=== MATERIAL FOR THIS TASK ===
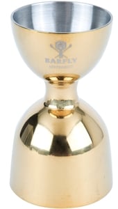 Craft creative cocktails with this Barfly® M37006GD 1 oz. & 2 oz. gold-plated heavy-duty straight rim bell jigger.
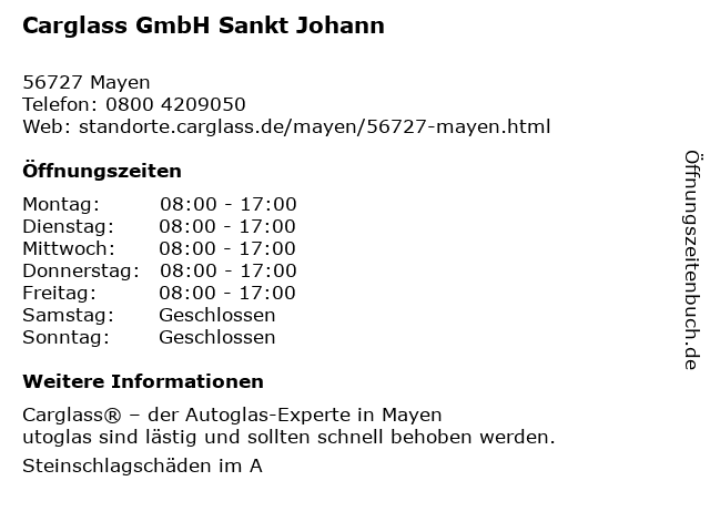 | Öffnungszeiten Carglass GmbH Sankt Johann in Mayen anzeigen | |
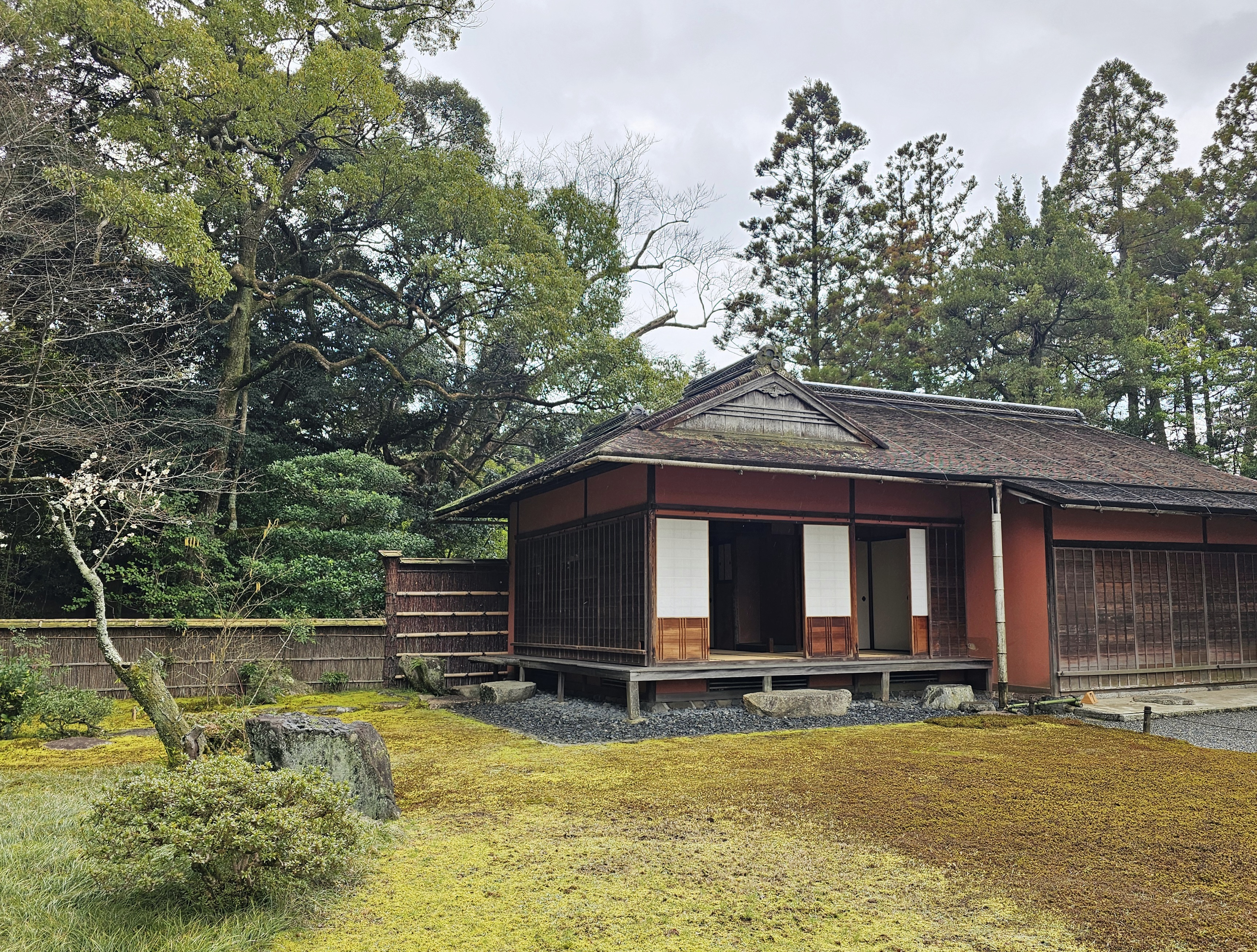 두 개의 연못과 이를 이어주는 다리와 다실의 배치가 그림처럼 아름답다. 어느 다실이건 자연을 향해 창을 내거나 문을 열거나 마루를 내어 충분히 개방적인 공간을 마련했다. 은둔과 칩거를 지향하는 모습을 하면서도 변하는 계절을 온전히 자신의 공간으로 끌어들이려는 노력이 아닐까 하는 생각이 들었다.
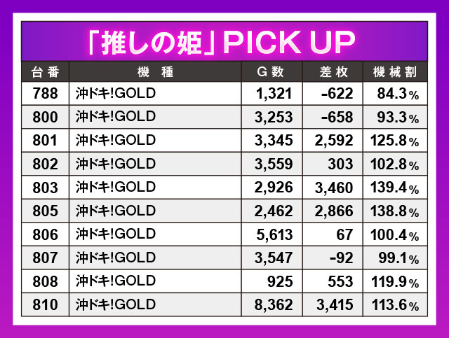10台設置の『沖ドキ!GOLD』の勝率は7割(7/10台)。マイナスの3台の差枚結果はわずかな数値であり、もっとしっかり回されていたらプラスに転じていた可能性が高い。そう考えると、全台系だった可能性も十分…!
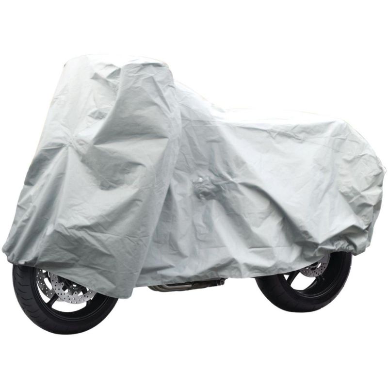 Die Motorradschutzhülle besteht aus robustem PVC und ist daher reißfest, UV-beständig und witterungsbeständig.
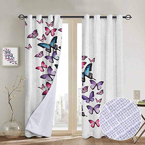 BROSHAN Rideau occultant pour fenêtre en Coton et Lin Isolant Thermique Motif Floral pour Chambre à Coucher, Salon, Violet et et Bleu, 1 Panneau 40 x 23 cm, Picture 3, 55W x 106L inch
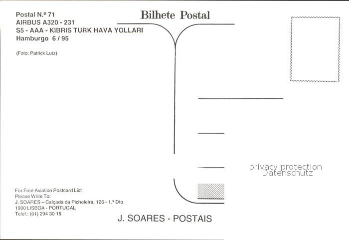 Flugzeuge Zivil Kibris Turk Hava Yollari Airbus A320-231 S5-AAA postalisch nicht gelaufen Erhaltung siehe scans
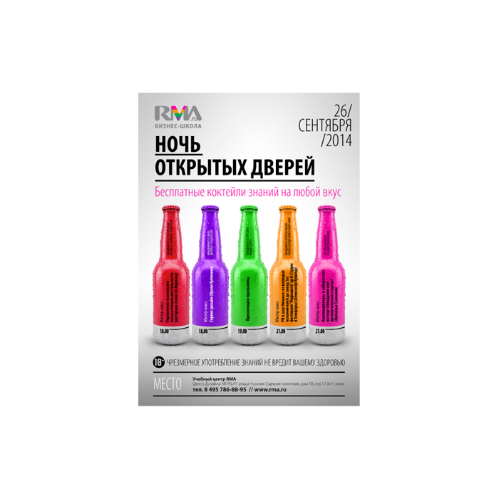 В пятницу 26 сентября в учебном центре бизнес-школы RMA состоится «Ночь открытых дверей», во время которой абитуриентов ждет презентация программ обучения, знакомство с руководителями факультетов и преподавателями, а также мастер-классы и открытые лекции.
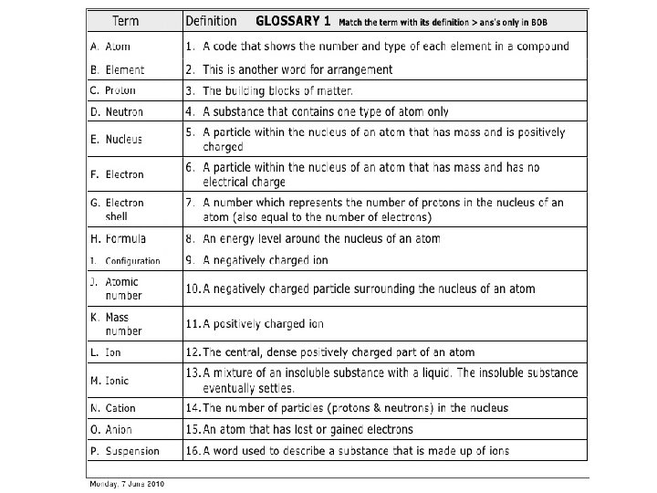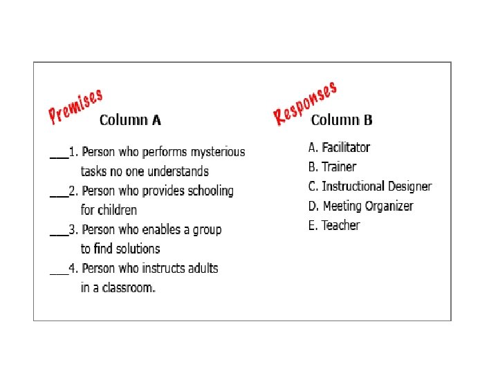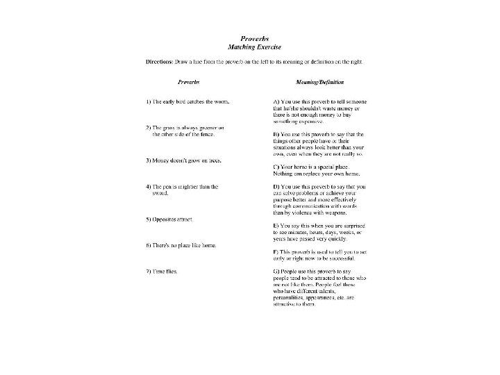 Step 3: • create a matching exercise ( including KEY ) • MATCHING EXERCISE: in this exercise you have to match each word with a definition • two items separated into two columns and ask them to match items from the first column to the corresponding items in the second • 8 -10 items (words+definitions) • the number of items in the first column does not necessarily have to match that in the second - it is totally possible to have more items in the second column than in the first one • it is best to arrange the items in the left column according to some criterion (alphabetically, chronologically, etc) • make sure that no items in the right column can be matched to more than one item in the left one • avoid positioning matching test questions in such a way that the list is separated in two by a page break • example: Finance terms or Finances •
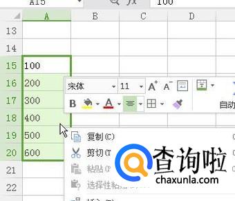 保持数据在选中的状态下,右击鼠标,弹出右键菜单,再点击:复制
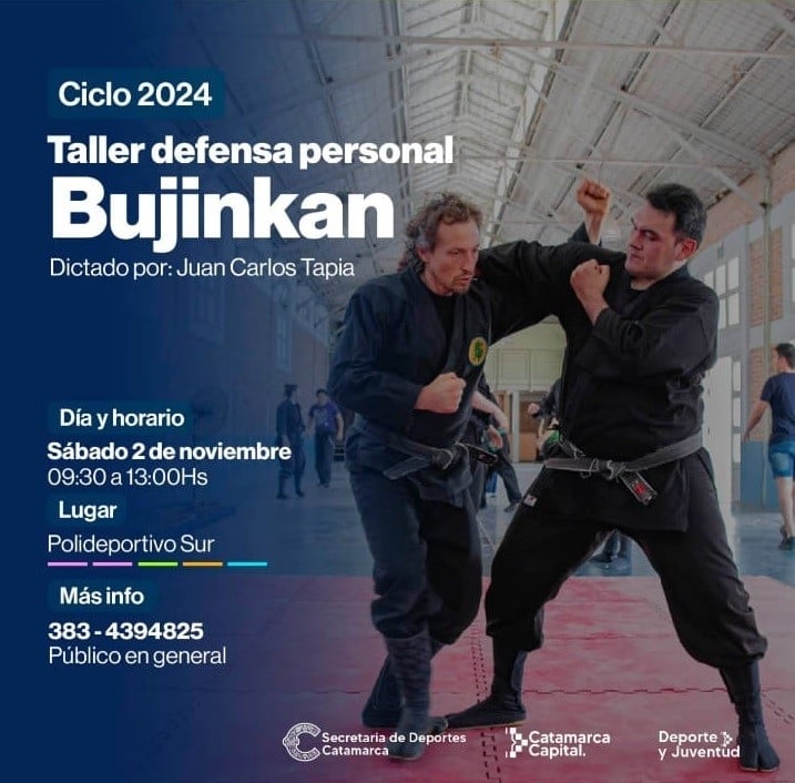 El próximo sábado 2 de noviembre, el Polideportivo Sur "Ramón Quiebra Castillo" será el escenario de un importante taller de defensa personal Bujinkan, organizado por la Subsecretaría de Deporte y Juventud de la Municipalidad de la Capital. El objetivo de esta capacitación es proporcionar a los participantes herramientas fundamentales para su seguridad personal.
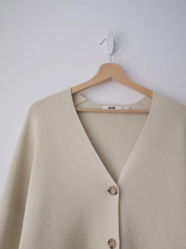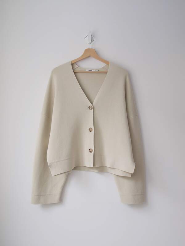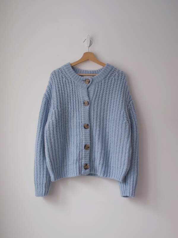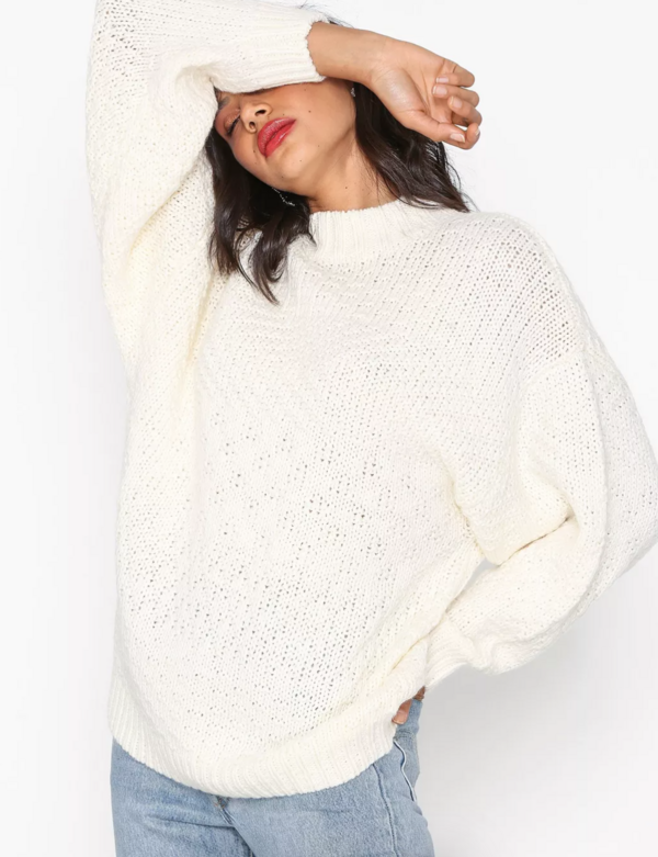Minimalistyczny sweter, w 100% wykonany z gładkiej niegryzącej wełny. Rozmiar z metki: M Skład: 100% wełna Stan: bez wad Szerokość w klatce 52 cm Długośćcałkowita 62 cm
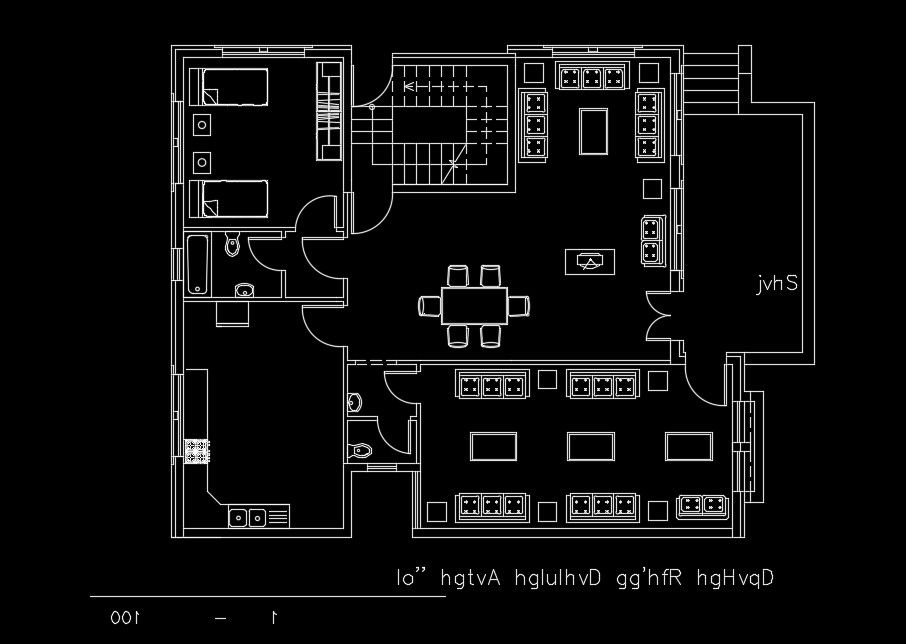 14x12m ground house plan furniture’s layout AutoCAD drawing is given in this file. The living room, kitchen, family lounge area with attached toilet, master bedroom with the attached toilet, and other details are given. The staircase is provided inside of the house. For more details download the AutoCAD drawing file from our website.

=== ACTION ITEM ===
Would you please reproduce the entries above, starting at the line with "BROSHAN Rideau occultant" and stopping after the line with "Flugzeuge Zivil Kibris"? Omit any pictures.

=== EXERCISE SOLUTION ===
 BROSHAN Rideau occultant pour fenêtre en Coton et Lin Isolant Thermique Motif Floral pour Chambre à Coucher, Salon, Violet et et Bleu, 1 Panneau 40 x 23 cm, Picture 3, 55W x 106L inch
 Flugzeuge Zivil Kibris Turk Hava Yollari Airbus A320-231 S5-AAA postalisch nicht gelaufen Erhaltung siehe scans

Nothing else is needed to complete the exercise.